Use a typed config struct with go-playground/validator validation, set explicit precedence via SetEnvPrefix and SetEnvKeyReplacer, watch ConfigMaps for changes with WatchConfig + OnConfigChange, and validate new config before swapping.
- Unmarshal config into a struct; never scatter
viper.GetString()calls - Test config loading with table-driven tests covering env var overrides and invalid values
- Rotate secrets by watching mounted files, not environment variables
graph TD
Defaults[Defaults<br/>SetDefault] -->|lowest priority| Resolve{Viper.Get}
KV[K/V store<br/>etcd / Consul] -->|↑| Resolve
File[Config file<br/>config.yaml] -->|↑| Resolve
Env[Env vars<br/>SetEnvPrefix] -->|↑| Resolve
Flag[CLI flags<br/>BindPFlag] -->|↑| Resolve
Set[Explicit Set] -->|highest| Resolve
Resolve --> Cfg[Typed Config struct<br/>+ validator tags]
Cfg -->|fail closed| Boot[Service starts]
Watch[fsnotify on file] -.->|change| OnChange[OnConfigChange]
OnChange -.->|re-unmarshal + revalidate| Cfg
style Set fill:#fee
style Cfg fill:#efe
style Boot fill:#efe
The diagram is the precedence ladder + the hot-reload loop. The "fail closed" arrow is the discipline: if validation fails after a reload, keep the old config rather than swap in something invalid. That's the bug most teams miss. [Viper docs]
When to Use Viper
[Viper docs]Viper is right for services with hierarchical, multi-source config (files, env vars, flags, remote stores). Use it when:
- Config spans files, environment variables, and flags
- You need a typed struct with nested fields
- Hot reload matters (feature flags, timeouts)

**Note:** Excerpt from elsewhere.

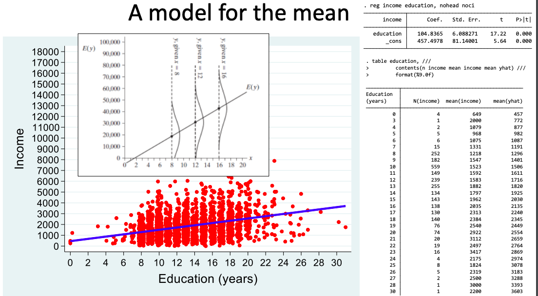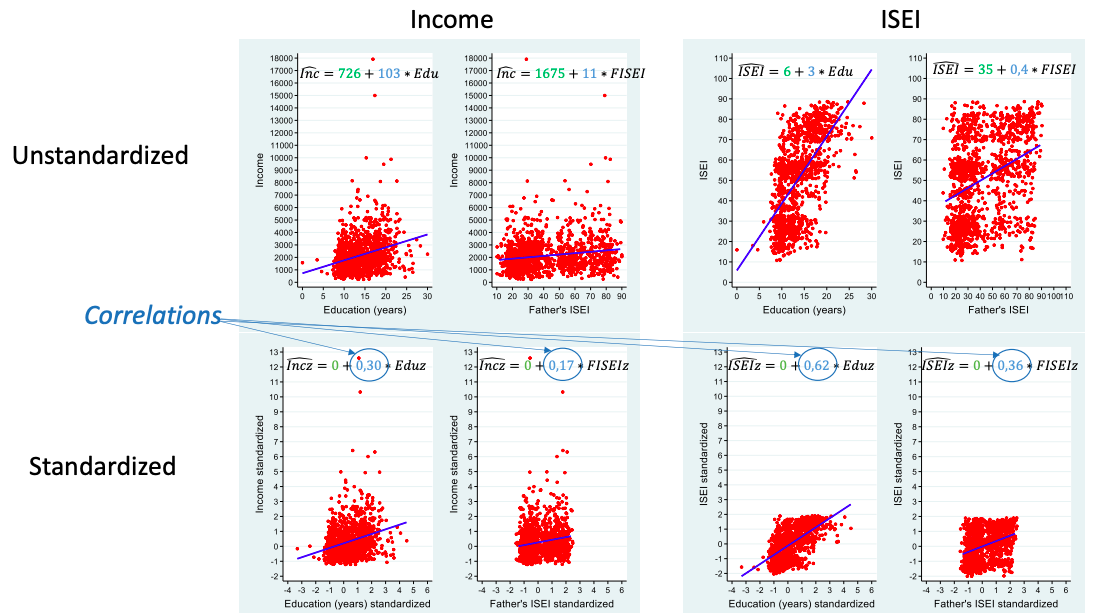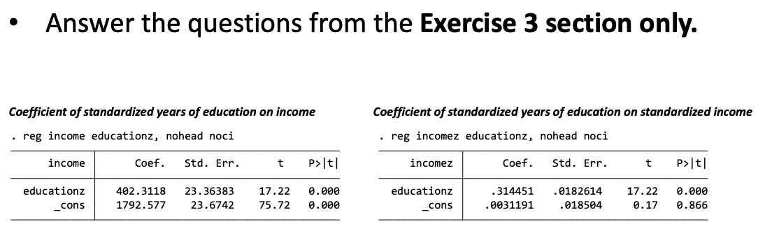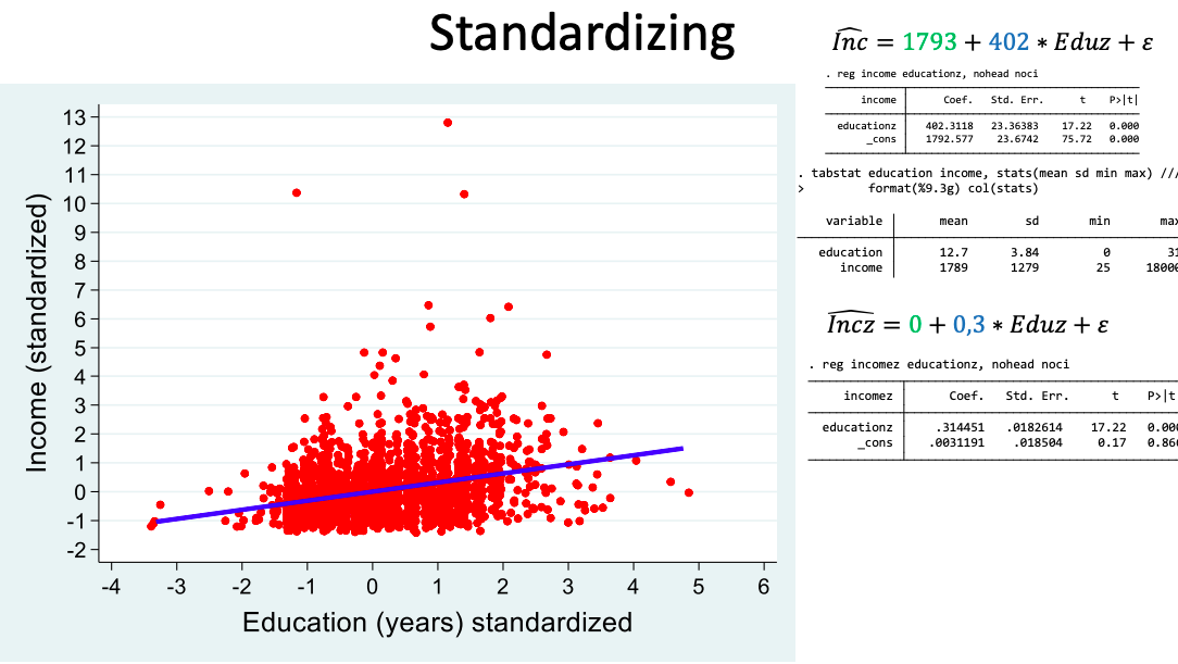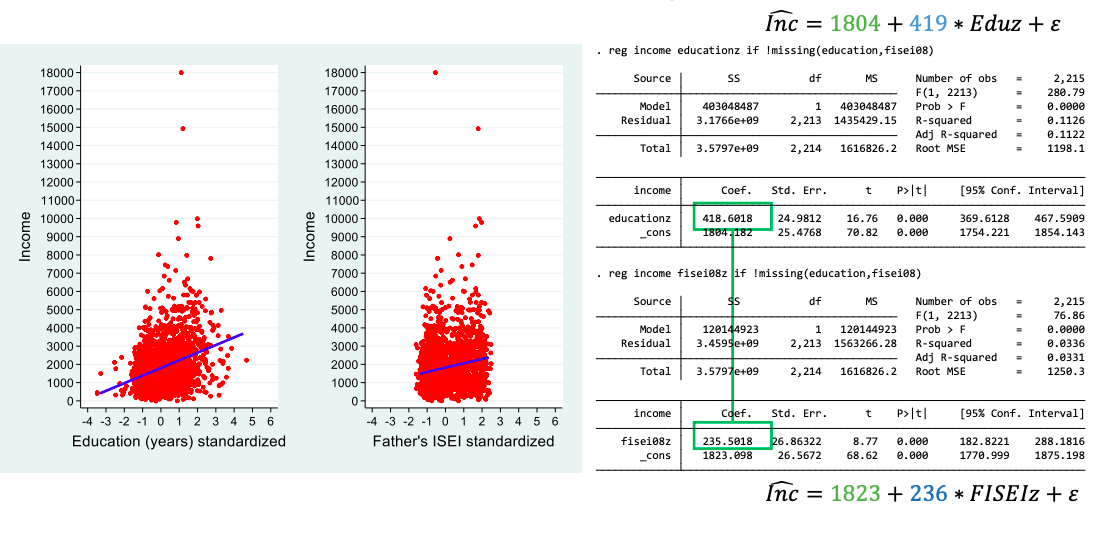 2) For every 1-SD of education, mean of income rises by 0,3 SD of mean income

- You deploy to Kubernetes with ConfigMaps and Secrets
Pick the right tool by counting the sources you actually need:
| Tool | Sources | Hot reload | Best for |
|---|---|---|---|
os.Getenv | env vars only | No | Under 10 flat values; quick scripts; no struct |
envconfig | env vars + struct tags | No | Single-source services with typed config |
koanf | files / env / KV / flags | Yes (per-source) | New projects wanting a modern modular API |
| Viper | files / env / flags / KV stores | Yes via WatchConfig | Multi-source; hot-reload; large existing Go ecosystems |
spf13/cobra + viper | + CLI subcommand binding | Yes | CLI tools that also need structured config files |
Use os.Getenv for < 10 flat config values. Use koanf for new projects wanting a modern API. For existing Viper codebases, stay: v1 is stable and widely deployed.
Precedence Hierarchy
Viper resolves in this order (highest to lowest): explicit Set() calls, CLI flags, environment variables, config files, key/value stores, defaults[Viper docs].
graph TD
Code[viper.Get database.host] --> P1{Was Set explicitly?}
P1 -->|Yes| Win1[Return explicit value]
P1 -->|No| P2{Bound to flag<br/>and flag passed?}
P2 -->|Yes| Win2[Return flag value]
P2 -->|No| P3{Env var set?<br/>APP_DATABASE_HOST}
P3 -->|Yes| Win3[Return env value]
P3 -->|No| P4{Config file<br/>has key?}
P4 -->|Yes| Win4[Return file value]
P4 -->|No| P5{Remote KV store?<br/>etcd, consul}
P5 -->|Yes| Win5[Return remote value]
P5 -->|No| P6{SetDefault called?}
P6 -->|Yes| Win6[Return default]
P6 -->|No| Zero[Zero value]
style Win3 fill:#dfd
style Win4 fill:#dfd
style Win6 fill:#ffd
style Zero fill:#fdd
The diagram is the Kubernetes deploy story: image-baked YAML provides the safe defaults, ConfigMaps mount as env vars to override per environment, and Secrets mount as env vars to inject credentials at the highest precedence. You never rebuild just to change non-secret config.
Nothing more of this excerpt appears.